Exercise prompt:
Output the listing exactly, without its pictures.

Supplied data:
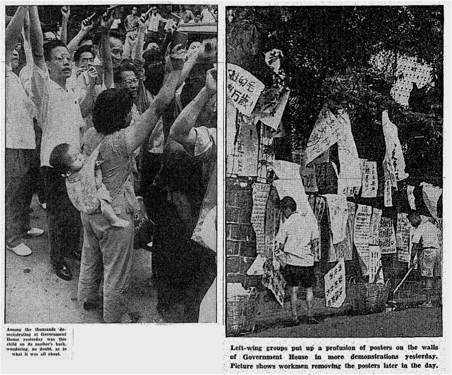 “Groups of demonstrators returning from Government House mobbed round Statue Square and the Law Courts and resorted to violence and rowdiness by molesting spectators and by attempting to block the tramlines with rubbish.
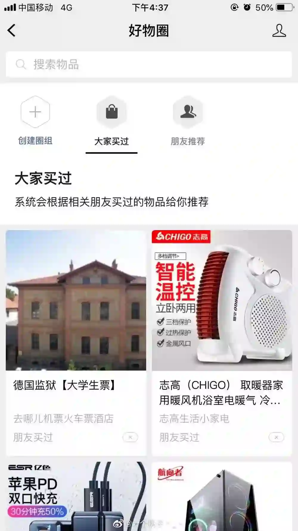 惹了祸的,是最近刚开始测试的“大家买过”功能,页面里可以以不记名的方式查看自己的好友最近都购买了什么。从某种角度来说,跟此前上线的“看一看”功能类似,都是鼓励用户将自己的接触的内容或商品分享出去。只不过到了好物圈这里,不主动分享的话微信就会匿名帮你分享出去。
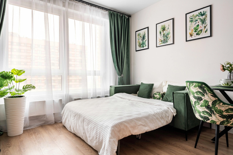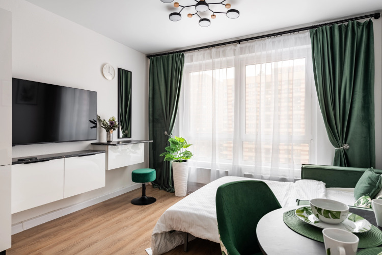 Возможно размещение до 2 гостей. В квартире имеется: Wi-Fi, телевизор со Смарт-ТВ, умный унитаз, холодильник, плита, фен, утюг, стиральная машина, посудомоечная машина, микроволновая печь, кондиционер, раскладной двуспальный диван и шторы блэк-аут. А также махровые полотенца, постельное бельё, средства личной гигиены, полный комплект посуды и столовых приборов.
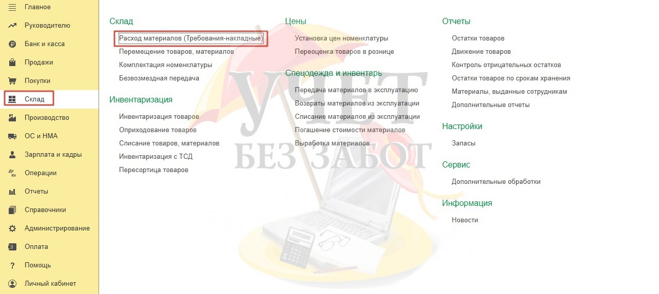 К запасам у вас будут относиться канцтовары (бумага, ручки, карандаши, степлеры, скрепки и т.д.). Их приходуете на субсчета 10 счета и списываете документом «Расход материалов (Требование-накладная)». На забалансовые счета такие материалы относить не нужно! Они к вам поступили, израсходовались в ближайшие месяцы, и вы их благополучно списали.
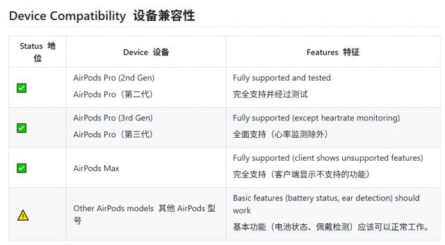 该项目甚至支持助听、自定义通透模式以及最多连接两台设备的多设备连接功能。不过,项目开发者指出,要启用这些高级功能,用户需将设备的供应商ID(VendorID)更改为苹果公司的ID。
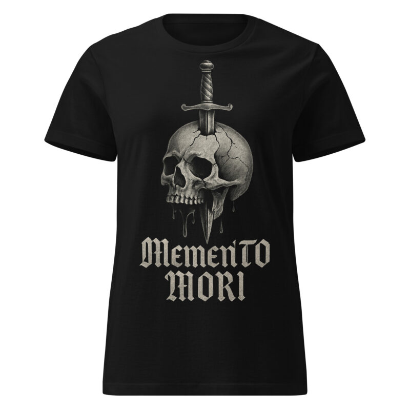 Semi-fitted t-shirt i svart med en dödskalle med ett svärd genom huvudet och texten ’Memento mori’ som dekoration på framsidan. Passar perfekt till kvinnor som älskar den alternativa klädstilen. Tröjan är tillverkad i en supermjuk kvalitet i 100% bomull.
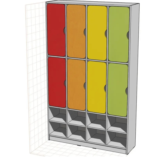 Шафа для одягу DS-55 8-секцій на металевих регульованих опорах біла червона
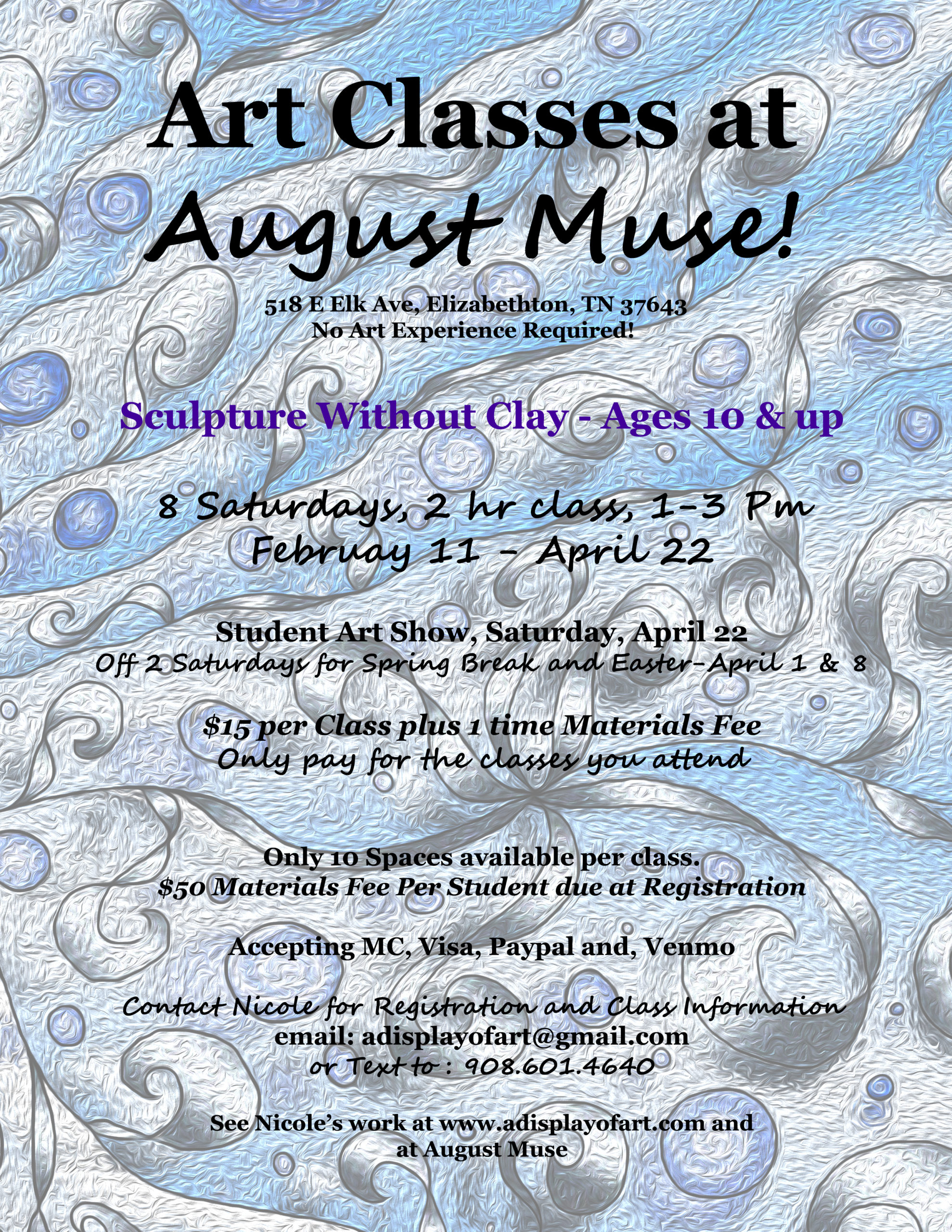 Learn more and register for classes by email: adisplayofart@gmail.com
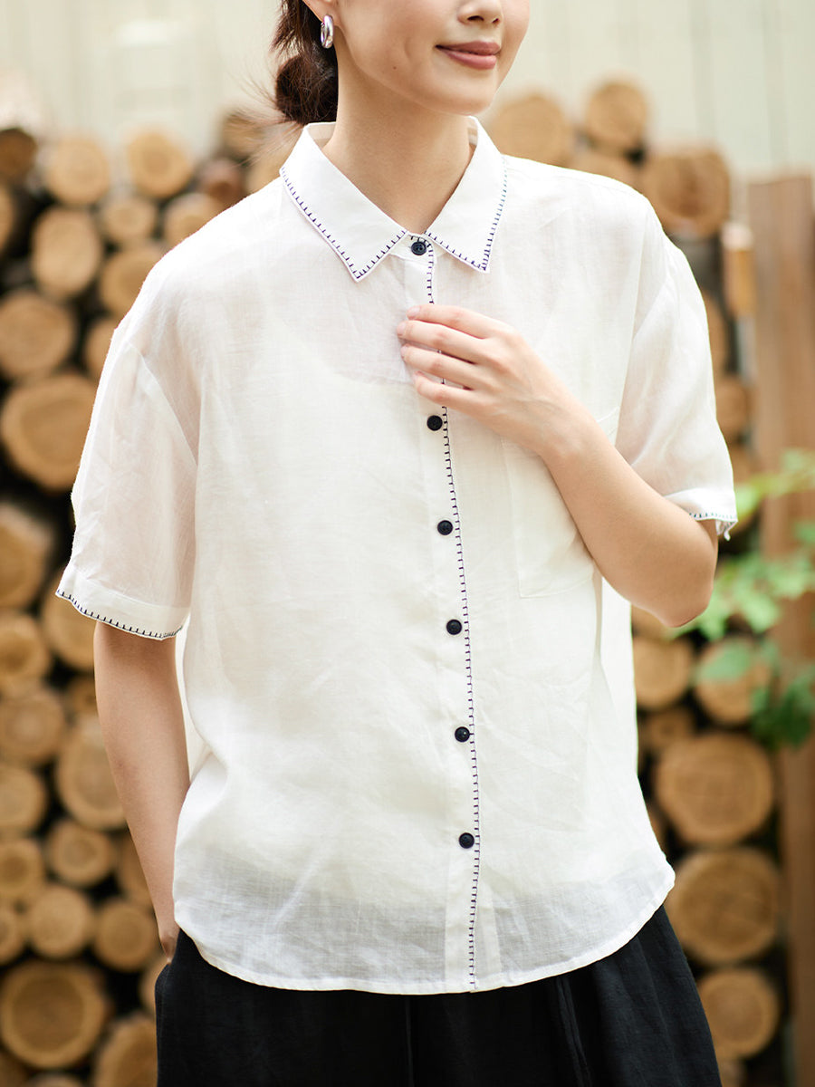 Plus Size Women Summer Artsy Ramie Turn-down Collar Shirt

The completed task:
 “Groups of demonstrators returning from Government House mobbed round Statue Square and the Law Courts and resorted to violence and rowdiness by molesting spectators and by attempting to block the tramlines with rubbish.
 惹了祸的,是最近刚开始测试的“大家买过”功能,页面里可以以不记名的方式查看自己的好友最近都购买了什么。从某种角度来说,跟此前上线的“看一看”功能类似,都是鼓励用户将自己的接触的内容或商品分享出去。只不过到了好物圈这里,不主动分享的话微信就会匿名帮你分享出去。
 Возможно размещение до 2 гостей. В квартире имеется: Wi-Fi, телевизор со Смарт-ТВ, умный унитаз, холодильник, плита, фен, утюг, стиральная машина, посудомоечная машина, микроволновая печь, кондиционер, раскладной двуспальный диван и шторы блэк-аут. А также махровые полотенца, постельное бельё, средства личной гигиены, полный комплект посуды и столовых приборов.
 К запасам у вас будут относиться канцтовары (бумага, ручки, карандаши, степлеры, скрепки и т.д.). Их приходуете на субсчета 10 счета и списываете документом «Расход материалов (Требование-накладная)». На забалансовые счета такие материалы относить не нужно! Они к вам поступили, израсходовались в ближайшие месяцы, и вы их благополучно списали.
 该项目甚至支持助听、自定义通透模式以及最多连接两台设备的多设备连接功能。不过,项目开发者指出,要启用这些高级功能,用户需将设备的供应商ID(VendorID)更改为苹果公司的ID。
 Semi-fitted t-shirt i svart med en dödskalle med ett svärd genom huvudet och texten ’Memento mori’ som dekoration på framsidan. Passar perfekt till kvinnor som älskar den alternativa klädstilen. Tröjan är tillverkad i en supermjuk kvalitet i 100% bomull.
 Шафа для одягу DS-55 8-секцій на металевих регульованих опорах біла червона
 Learn more and register for classes by email: adisplayofart@gmail.com
 Plus Size Women Summer Artsy Ramie Turn-down Collar Shirt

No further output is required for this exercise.